Recently I moved to Singapore on very short notice. My original thoughts on moving my family (yet again) was dread and then annoyance. But with a trained focus, I was able to shift from that negative and overwhelming state, and so my number one tip for anyone else facing impending change is to separate the facts from your emotions.
When I was consumed and clouded by my emotions, I was operating from a place of fear and a perceived lack of control, and that robbed me of my 'can do' attitude AND importantly the ability to find any of the potential opportunities or positives in the situation. So I stopped, took a breath and started writing down all of the negative emotions I was feeling, being as specific as I could. Once I had everything dumped on a page, and could acknowledge that these were all completely normal feelings, I was then ready to pivot to the facts.
- What were the fixed elements in the situation?
- What do I need to accept?
- What can I control?
- What hardships can I mitigate, offset or minimise?
- What advantages are there in all of this?
- What help is available?
By firstly recognising and noting my emotions, I was able to activate the rational part of my brain and more effectively move into problem solving mode. With pen in hand, I then felt the desire to get a little 'to-do list' and early plan in place. As I started looking forward, more and more benefits began to present.

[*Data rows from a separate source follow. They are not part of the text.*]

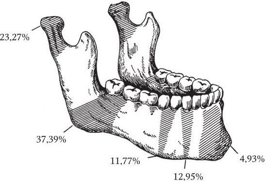 Рис. 2. «Места слабости» и частота неогнестрельных переломов нижней челюсти по локализации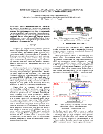 TECHNIKI KODOWANIA I WYZNACZANIA MAP GŁĘBI STEREOSKOPOWEJ W SYSTEMACH TELEWIZJI WIELOWIDOKOWEJ Olgierd Stankiewicz, [email protected] Politechnika Poznańska, Katedra Telekomunikacji Multimedialnej i Mikroelektroniki Ul. Polanka 3, 61-131 Poznań Streszczenie: Artykuł stanowi podsumowanie i streszczenie rozprawy doktorskiej [1]. Przedstawiono osiągnięcia autora związane z opracowaniem nowych technik estymacji głębi oraz nowej techniki kodowania głębi wykorzystującej reprezentację nieliniową, która została włączona do specyfikacji międzynarodowych norm opisujących nowe techniki kodowania obrazu trójwymiarowego. Opisano również udział autora w opracowaniu poznańskiego kodeka obrazu trójwymiarowego oraz eksperymentalnego systemu wielokamerowego i sekwencji testowych. 1. Mapa głębi Zarówno nawigacja swobodnego punktu widzenia, jak i autostereoskopia, wymagają znacznej liczby widoków sceny, których akwizycja, przetwarzanie i transmisja byłaby niepraktyczna. Sposobem, który umożliwia efektywny opis sceny trójwymiarowej jest zastosowanie reprezentacji MVD (Multiview Video plus Depth) [2]. Reprezentacja sceny trójwymiarowej w formacie MVD składa się z ograniczonej liczby widoków oraz odpowiadających im map głębi, które przenoszą dodatkową informację na temat trójwymiarowej struktury sceny. Mapy głębi są obrazami, których wartości odzwierciedlają odległości pomiędzy daną kamerą a punktami w scenie. Wykorzystanie map głębi (rys. 1) pozwala na generowanie tzw. widoków wirtualnych. Widok wirtualny, czyli widok pochodzący z kamery umiejscowionej wirtualnie w scenie, nie jest rejestrowany a powstaje syntetycznie na podstawie treści zarejestrowanej przez kamery rzeczywiste. Taka wirtualna kamera może być umieszczona w dowolnym położeniu – także w położeniu nieosiągalnym w rzeczywistym świecie lub w położeniu rzeczywistej kamery. Ta druga możliwość może być wykorzystana przy predykcji określonego widoku na postawie innych widoków. Jest to kluczowa zaleta reprezentacji MVD, gdyż umożliwia znaczną redukcję liczby bezpośrednio kodowanych widoków np. do 3 widoków, które są przesyłane wraz z odpowiadającymi im mapami głębi. Na tej podstawie pozostałe widoki mogą zostać zrekonstruowane po stronie dekodera/odbiornika. Obraz Obraz Obraz widoku wirtualnego położonego w arbitralnie wybranej pozycji w scenie trójwymiarowej Synteza widoku wirtualnego Rys. 1 Wykorzystanie reprezentacji MVD (np. 3 widoki + 3 mapy głębi) do syntezy widoku wirtualnego 2. WSTĘP Rozprawa [1] dotyczy nowej generacji systemów obrazu trójwymiarowego. Swoim zakresem obejmuje zwłaszcza systemy swobodnego punktu widzenia (free viewpoint navigation) i autostereoskopię. W stosunku do dotychczas znanych i stosowanych rozwiązań wykorzystujących stereoskopię, nowe systemy mają zapewnić lepsze wrażenia obrazu przestrzennego, lepszą reprodukcję struktury sceny oraz umożliwić widzowi oddziaływanie na widzianą scenę i jej oglądanie bez użycia specjalnych okularów. Mapa głębi Mapa głębi Obraz PROBLEMY BADAWCZE Wymagane przez reprezentację MVD mapy głębi trzeba wyznaczyć oraz efektywnie przesłać. Problemy te są rozważane w rozprawie w odniesieniu do czterech tez: T1÷T4. W szczególności: 1. Mapy głębi wysokiej jakości są potrzebne przy tworzeniu treści zawierających obraz trójwymiarowy. W rozprawie rozpatrywana jest algorytmiczna estymacja głębi, zaś opracowanie nowych algorytmów i technik estymacji map głębi jest jednym z celów pracy (tezy T1 i T2 rozprawy). Jest to zagadnienie skomplikowane, stanowiące spore wyzwanie badawcze, gdyż w przeciwieństwie do np. grafiki komputerowej, rozpatrywane są tutaj złożone sceny naturalne w których występują liczne problemy związane m.in. z odbiciami i przesłonięciami. ... Wiele kamer ... Przetwarzanie wstępne Wiele widoków (Multiview video) Zakres rozprawy MVD (Multiview Video + Depth) Estymacja głębi Wiele widoków Głębia +głębia Koder Transmisja strumienia binarnego Dekoder Zrekonstruowany wielowidokowy sygnał wizyjny Zrekonstruowane mapy głębi Synteza widoków ... Zbiór widoków Wyświetlacz trójwymiarowy Rys. 2 Zakres rozprawy (zaznaczony czerwoną linią) w kontekście systemu trójwymiarowego - estymacja i kompresja map głębi 2. Oczekuje się, iż mapy głębi powinny być spójne w dziedzinie czasu. Temat ten jest związany zarówno z estymacją głębi, jak i jej kompresją. Brak spójności czasowej wyznaczanych map głębi objawia się migotaniem w widokach wirtualnych syntezowanych z ich wykorzystaniem. Ponadto, ograniczona spójność map głębi w dziedzinie czasu wpływa negatywnie na spraw- ność ich kompresji. Poprawa spójności czasowej map głębi jest kolejnym z celów rozprawy (teza T3). 3. Stosownie formatu MVD stwarza potrzebę efektywnego przesyłania map głębi. Ponieważ mapy głębi różnią się pod względem charakteru swojej treści od obrazów naturalnych poszukuje się nowych, wydajnych metod ich kompresji. Zagadnienia tego dotyczy teza T4 rozprawy. 3. METODOLOGIA BADAŃ Celem rozprawy są badania nad poprawą efektywności kodowania map głębi i poprawą jakości map głębi estymowanych algorytmicznie. W przypadku obu tych problemów jedyną metodą rzetelnej oceny propozycji jest przeprowadzenie serii eksperymentów wykorzystujących sekwencje testowe. Z tego względu, na poparcie postawionych tez, w rozprawie przedstawiono wyniki licznych eksperymentów. Aby je przeprowadzić, propozycje przedstawione w rozprawie zaimplementowano i zintegrowano z istniejącymi pakietami oprogramowania, takimi jak Depth Estimation Reference Software (DERS) [3] i 3D-ATM (AVC based 3D Test Model) [4], stosowanymi w literaturze jako odniesienie do badań naukowych w tej dziedzinie. Sumarycznie, podczas tworzenia rozprawy, autor pracował z oprogramowaniem liczącym około 385 000 linii kodu źródłowego, wśród któryc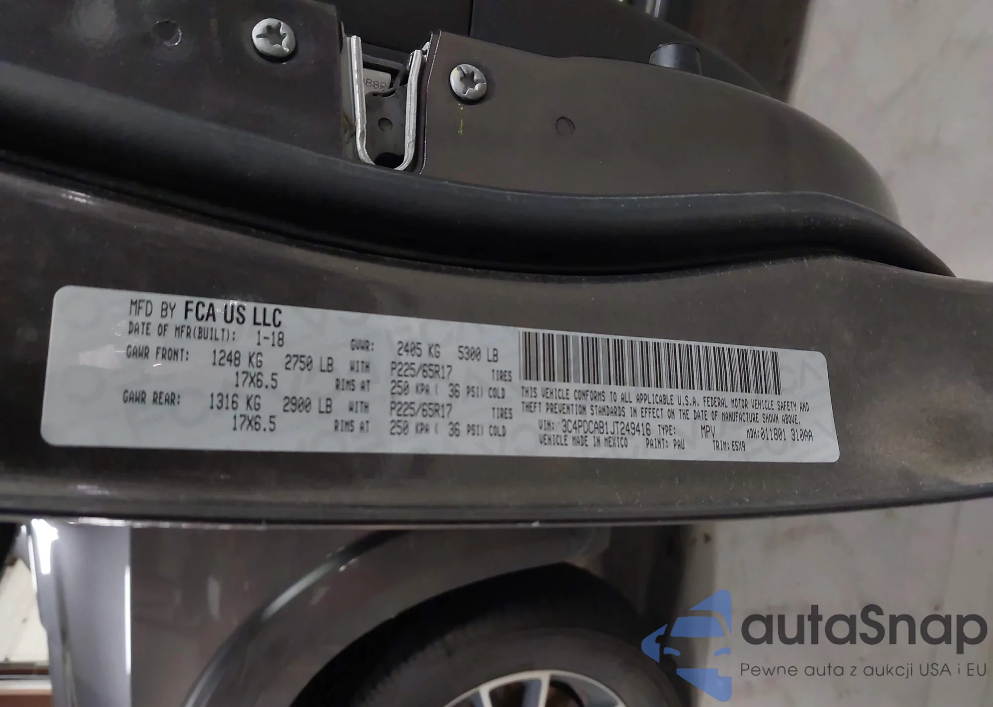 The car Dodge Journey 2018 (VIN 3C4PDCAB1JT249416) has not been auctioned before. The documents are clean, and the mileage matches or is below the market average. Sold by an insurance company – we recommend purchase. Delivery to the port will take approx. 6–8 weeks.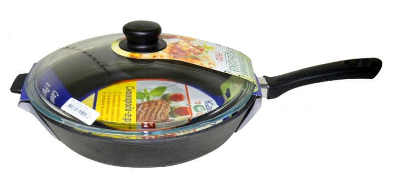 Сковорода-гриль чугунная d28см. Камская Г8062 бакелит. ручка, стекл. крышка
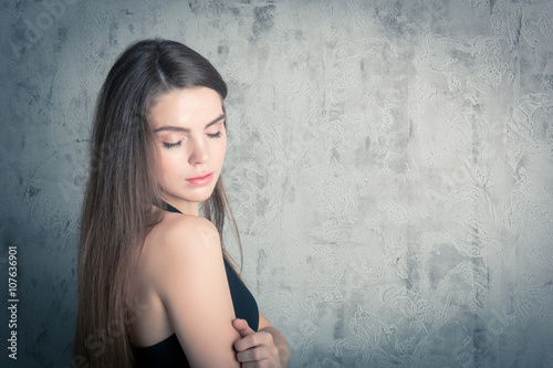 beautiful girl posing in a black evening dress. toned portrait in the studio

Nor surprisingly, I moved from feeling helpless to somewhat capable, and that little bit of optimism fuelled my excitement for the next great adventure in our lives!
Of course, there isn't a 'one size fits all' approach to change, but there are some very good places to start, that will quickly help you become more comfortable with discomfort.
The fact is, there usually is a lot of goodness in change, you just have to shift your approach to reveal it.